April 27, 2010
Michelle Pantoya and her coauthor want to inspire young people to think about an engineer as something they want to be when they grow up.
Engineers make elephants with long, swinging trunks. Wait a minute… do engineers really make elephants? No, but they do make roller coasters!
Thus starts the journey through “Engineering Elephants,” a children’s book coauthored by Michelle Pantoya, a professor of mechanical engineering at Texas Tech, and Emily Hunt, an assistant professor of mechanical engineering at West Texas A&M University.
“Children know doctors and teachers and police and firemen and soldiers, but not engineers,” Pantoya said. “This is a way of introducing young children to engineering. Our goal is to inspire some of these young people to think about an engineer as something they want to be when they grow up.”
Between them, Pantoya and Hunt have seven children ages seven and under. The women discovered that there is a lack of children’s books on engineering geared toward young children ages 4-8 and began work on the book about two years ago.
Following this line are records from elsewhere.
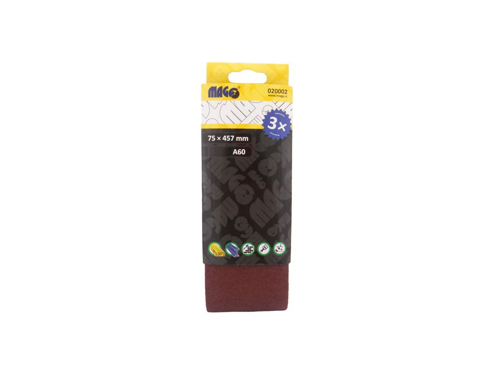Brusné papírové pásy – smirek, pro pásovou brusku, značky MAGG Různé zrnitosti (hrubosti): varianty s nižšími čísly jsou vhodné k hrubému broušení (mají velký úběr materiálu), vyšší čísla jsou určena pro jemnější broušení. Rozměr pásů: 75 x 457 mm Balení obsahuje 3 kusy.Doplňkové parametry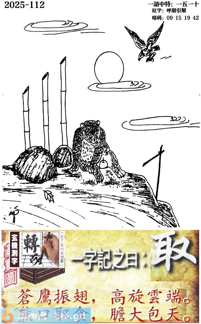 112期跑狗一字記之曰:【取】 蒼鷹振翅,高旋雲端。 熊口取食,膽大包天。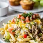 This Creamy Loaded Cheeseburger Alfredo Pasta combines the rich flavors of a cheeseburger with creamy Alfredo sauce, mixed into perfectly cooked pasta. Ground beef, cheddar, mozzarella, Parmesan, and fresh vegetables create a hearty, comforting dish that's perfect for family dinners. Optional toppings like pickles, bacon, and jalapeños add extra flavor and texture.

“Engineering education is a growing issue in our nation, and all research points towards engaging children in engineering concepts when they are at these young, impressionable ages,” Pantoya said. “When we ask kids what an engineer does, the answer is either ‘I don’t know’ or ‘he drives a train.’ So, Emily and I decided something needed to be done.”
The Edward E. Whitacre Jr. College of Engineering has educated engineers to meet the technological needs of Texas, the nation and the world since 1925.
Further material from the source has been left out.